After working with EMC over the summer and evaluating the capabilities of utilizing Isilon storage as an HDFS layer, including the NameNode, it got me thinking about how the VMware Big Data Extensions could be utilized to create the exact same functionality. If you’ve read any of the other posts around extending the capabilities of BDE beyond just what it ships with, you’ll know the framework allows an administrator to do nearly anything they can imagine.

As with creating a Zookeeper-only cluster, all of the functionality for a HDFS-only cluster is already built into BDE — it is just a matter of unlocking it. It took less than 10 minutes to set up all the pieces.
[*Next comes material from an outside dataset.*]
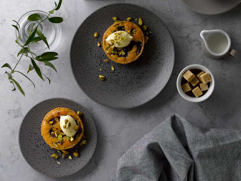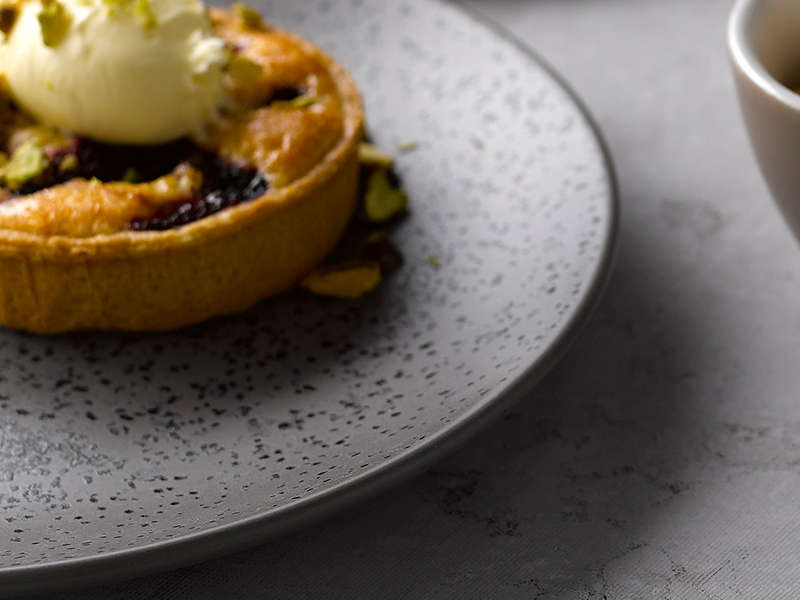 Menu Shades está decorado con un esmalte mate y una textura jaspeada, realzando la superficie de cada pieza. Fabricado en un cuerpo de porcelana vitrificada.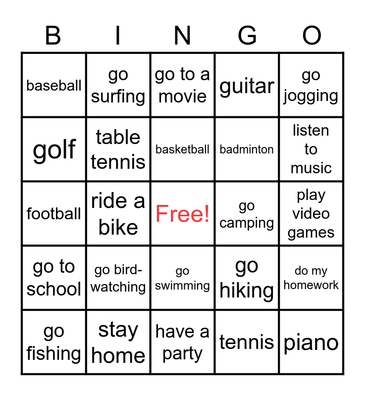 This bingo card has a free space and 24 words: go bird-watching, stay home, basketball, go fishing, go jogging, baseball, golf, go surfing, go camping, go swimming, badminton, football, go hiking, do my homework, table tennis, tennis, play video games, go to a movie, listen to music, ride a bike, piano, go to school, guitar and have a party.

I needed to add Cloudera 5.2.1 support into my new BDE 2.1 lab environment, so the first command sets that functionality up. After that, the rest of commands are all that are needed:

# config-distro.rb --name cdh5 --vendor CDH --version 5.2.1 --repos http://archive.cloudera.com/cdh5/redhat/6/x86_64/cdh/cloudera-cdh5.repo
# cd /opt/serengeti/www/specs/Ironfan/hadoop2/
# mkdir -p donly
# cp conly/spec.json donly/spec.json
# vim donly/spec.json

I configured the donly/spec.json file to include the following:

  1 {
  2   "nodeGroups":[
  3     {
  4       "name": "DataMaster",
  5       "description": "It is the VM running the Hadoop NameNode service. It manages HDFS data and assigns tasks to workers. The number of VM can only be one. User can specify     size of VM.",
  6       "roles": [
  7         "hadoop_namenode"
  8       ],
  9       "groupType": "master",
 10       "instanceNum": "[1,1,1]",
 11       "instanceType": "[MEDIUM,SMALL,LARGE,EXTRA_LARGE]",
 12       "cpuNum": "[2,1,64]",
 13       "memCapacityMB": "[7500,3748,max]",
 14       "storage": {
 15         "type": "[SHARED,LOCAL]",
 16         "sizeGB": "[50,10,max]"
 17       },
 18       "haFlag": "on"
 19     },
 20     {
 21       "name": "DataWorker",
 22       "description": "They are VMs running the Hadoop DataNode services. They store HDFS data. User can specify number and size of VMs in this group.",
 23       "roles": [
 24         "hadoop_datanode"
 25       ],
 26       "instanceType": "[SMALL,MEDIUM,LARGE,EXTRA_LARGE]",
 27       "groupType": "worker",
 28       "instanceNum": "[3,1,max]",
 29       "cpuNum": "[1,1,64]",
 30       "memCapacityMB": "[3748,3748,max]",
 31       "storage": {
 32         "type": "[LOCAL,SHARED]",
 33         "sizeGB": "[100,20,max]"
 34       },
 35       "haFlag": "off"
 36     }
 37   ]
 38 }

The final part is to add an entry for a HDFS-Only cluster in the /opt/serengeti/www/specs/map file:

128   {
129     "vendor" : "CDH",
130     "version" : "^\\w+(\\.\\w+)*",
131     "type" : "HDFS Only Cluster",
132     "appManager" : "Default",
133     "path" : "Ironfan/hadoop2/donly/spec.json"
134   },

Restart the Tomcat service on the management server and the option is now available. The configured cluster when it is done looked like this in the VMware vCenter Web Client:

HDFS-Only_Cluster-1

You can view the status of the HDFS layer through the standard interface:

HDFS-Only_Cluster-2

Being able to have this functionality within VMware Big Data Extensions allows an environment to provide a dedicated HDFS data warehouse layer to your applications and other application cells.